Abstract
Introduction
Asthma exacerbations spike in the spring and autumn months, yet the seasonal variation of asthma symptoms and lung function is poorly studied.
Methods
Seasonal variation of lung function, rescue medication use and patient-reported symptoms was evaluated by post hoc analyses of the Phase III lebrikizumab (anti-IL-13) LAVOLTA I and II studies in 2148 subjects with uncontrolled asthma. Lung function measurements (prebronchodilator FEV1, forced vital capacity (FVC) and peak expiratory flow (PEF)), rescue medication use and Standardised Asthma Quality of Life Questionnaire (AQLQ(S)) were measured every 4 weeks over 52 weeks. By-month estimates normalised by hemispheric season were based on mixed-effect models with repeated measures (MMRM), adjusted by study stratification factors as covariates when appropriate. The dependency of clinical outcomes with seasonal variability was assessed by employing linear contrasts comparing hemisphere normalised December versus July group means from an MMRM regression and presented as the difference in means (adjusted 95% CI).
Results
FEV1, FVC and PEF, rescue medication use and AQLQ(S) progressively worsened towards winter, unlike spring and autumn surges in asthma exacerbations. The December versus July mean differences were: (1) PEF=−6.5 (–8.7 to –4.2) L/min, 2) prebronchodilator FEV1=−42 (–57 to –27) mL, (3) FVC=−41 (−59 to –23) mL and (4) AQLQ(S)=−0.15 (–0.19 to –0.1) units. Among AQLQ questions, discomfort or distress related to cough was most variable with respect to season (−0.33 (−0.42 to –0.24) units).
Discussion
Interpretation of interventional studies biased by seasonal exposures may be confounded by seasonal variability.

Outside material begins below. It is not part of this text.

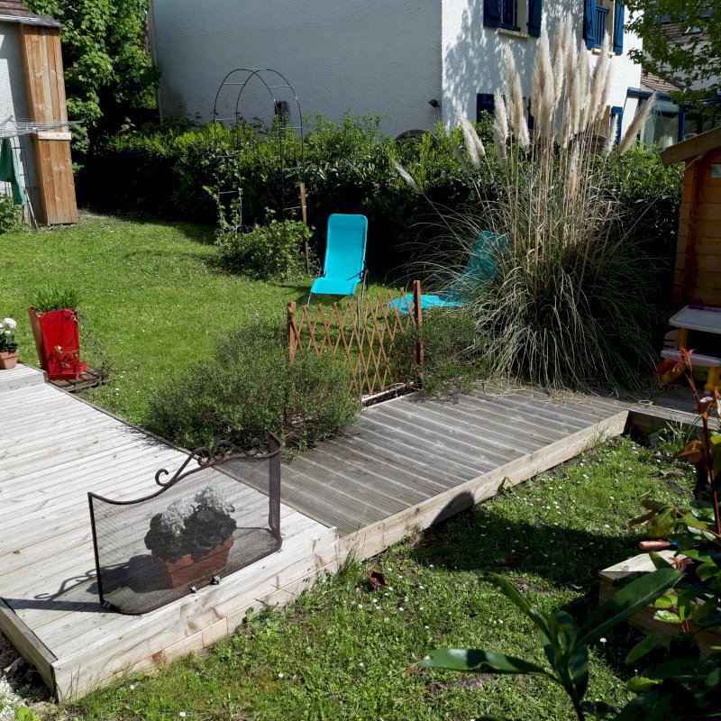 RdC: 1cuisine ouverte sur 1x Salle à manger, 1x Grand Salon donnant sur terrasse, 1x WC séparé, 1x Dressing, 1x Buanderie donnant sur jardin.

Trials registration numbers
NCT01867125 and NCT01868061.
Keywords: asthma, asthma epidemiology
Key messages.
Do asthma symptoms and lung function metrics vary with respect to season, similar to asthma exacerbations?
Unlike spring and autumn surges in asthma exacerbations, asthma symptoms and lung function metrics progressively worsened towards winter, though only a subset of symptoms drove the seasonal worsening of asthma symptoms.
Imbalances in symptom severity across treatment arms or bias of on-study seasonal exposure may confound the interpretation of efficacy for interventional studies.
Introduction
Epidemiological studies have shown that respiratory infections and aeroallergens precipitate seasonal increases in asthma exacerbations in the spring and autumn months. Respiratory infections and aeroallergens may trigger or amplify airway inflammation in patients with asthma, leading to increased risk of acute exacerbation events.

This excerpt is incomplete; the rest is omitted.